Increased use of synthetic fibres compared to natural fibres
The textile-clothing sector is evolving because of various factors. For one thing, the use of synthetic fibres (mainly polyester) is increasing, at the expense of natural fibres such as cotton. Polyester has several advantages over cotton: its production requires less water and no pesticides. It is also easier to handle and mix with other fibres, and its production is less subject to climatic hazards. Moreover, low oil prices keep the cost of synthetic fibres down. There are incentives to substitute cotton and wool with these synthetic fibres. Another point worth mentioning is the substantial development of environmentally-friendly natural fibres, driven by consumers’ growing environmental concerns.
Relocation of textile factories to low-cost countries
Textile manufacturing, especially low value-added manufacturing, is shifting from China, which dominates textile manufacturing worldwide, to other economies with lower production costs such as Vietnam, India, Bangladesh and Ethiopia. China's share in global textile exports decreased from 38.3% to 29.1% between 2015 and 2020, according to Fitch Solutions. This trend, which has been exacerbated recently by trade tensions between the U.S. and China, is expected to continue, as higher Chinese wages push up production costs. Textile industries, which change collections very regularly, have an incentive to set up factories in countries where wages are lower. According to a New York University study, in 2019, the minimum monthly wage in Ethiopia was USD 26 compared to USD 326 in China.
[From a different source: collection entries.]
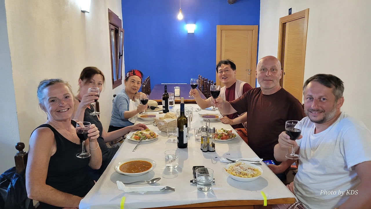 저녁 만찬은 조촐하게 세 커플이 즐기게 되었다. 은근히 로즈와인의 상큼한 맛을 기대하며 허기진 배에서 쪼르륵하는 소리가 나도록 참고 있었다. 드디어 식사 시간이다. 군대생활할 때도 식사시간에는 모두가 용감한 병사다. 일착(一着)으로 레스토랑에 도착하려고 갔는데 조선 과객 선비의 발걸음이 한발 늦었다. 서양의 기사(騎士) 양반들이 선점해 버렸다. 역시 조선 선비는 거드름을 피우면서 어슬렁어슬렁 걸어야 제맛 아니겠나. 서양 기사들처럼 파랑개비 돌듯 촐싹 되어서는 지체 있는 과객으로서 체통이 안 선다.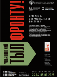 С 24 апреля в Ульяновске будет работать историко-документальная выставка «Ульяновский тыл – фронту». Она расположится в музее «Симбирская классическая гимназия» по адресу: Спасская, 18.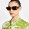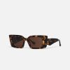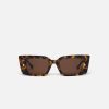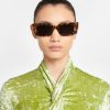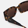 The Carmel sunglasses are defined by bold, rectangular frames. They are made from glossy dark-amber bio-based materials and are detailed with gold-tone hardware at the temples.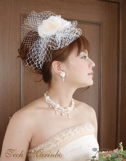 オーガンジーコサージュ ネットチュール パール他 コームが付いています。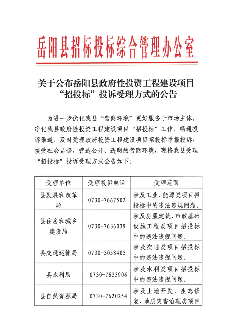 關於公布嶽陽縣政府性投資工程建設項目“招投標”投訴受理方式的公告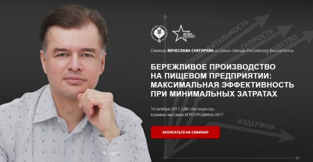 10 октября 2017 г. в рамках деловой программы выставки «Агропродмаш 2017» пройдет семинар Вячеслава Снегирева «Бережливое производство: максимальная эффективность при минимальных затратах».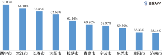 從百度搜索大數(shù)據(jù)得知,目前大部分城市的 線下復(fù)工率 均超過50%,線下復(fù)工率高的是青海省的省會西寧。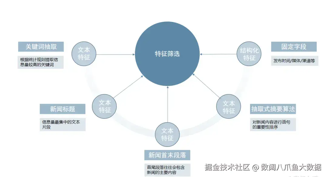 特征筛选则是根据业务需求,针对性地对特定内容进行提取,以得到后续模型或算法聚焦与关注的特征,对于新闻数据,通常可以分为以下几种:
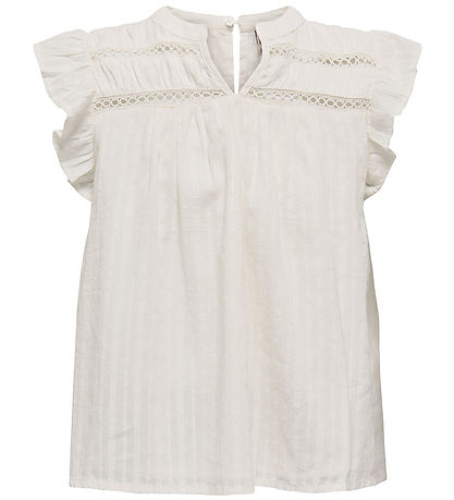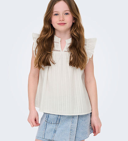 Schönes Top von Kids Only in Weiß mit schönen Rüschen an den Ärmeln. Das Top hat ein zartes Muster, das dem schlichten Design etwas Flair verleiht. Perfekt für einen entspannten Tag.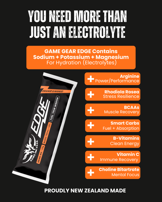 Forget ordinary hydration powders. Game Gear Edge Hydration is a precisionβengineered performance blend made right here in Newβ―Zealand. With full-spectrum electrolytes, Bβvitamins, adaptogens, and amino acids, and a low sugar footprint, it's created to power your body, sharpen your mind, and speed recovery.

Demand is shifting from Europe and the U.S. to Asia
As demand for clothing from Asia (mainly China) grows, the importance of Europe and North America in this sector is declining. Sales of clothing products outside North America and Europe equalled sales in these regions in 2018 and are expected to reach 55% of total world sales of clothing products in 2025. The Asia-Pacific region (Vietnam, Philippines, Indonesia, Malaysia, Thailand and Singapore) is highly attractive to the apparel sector, especially because it has a large proportion of young people, for whom digital solutions play an important and growing role. The three largest e-commerce websites in this region (Lazada, Shopee and Tokopedia) saw the gross value of their merchandise sales increase sevenfold between 2015 and 2018. The luxury industry has also been affected by the shift in activity in the sector: China generated 90% of growth in the luxury sector in 2019, accounting for 35% of purchases according to Bain & Company, an international strategy and management consulting firm. Another important transformation that is taking place in the clothing market is the rise of fast fashion, particularly in advanced economies and China. The term refers to a strategy used by brands that consists in changing their clothing collections very quickly in order to stimulate and increase the frequency of consumer purchases. A direct consequence of this evolution is the shorter lifespan of clothes, which are now kept for half as long as they were ten years ago.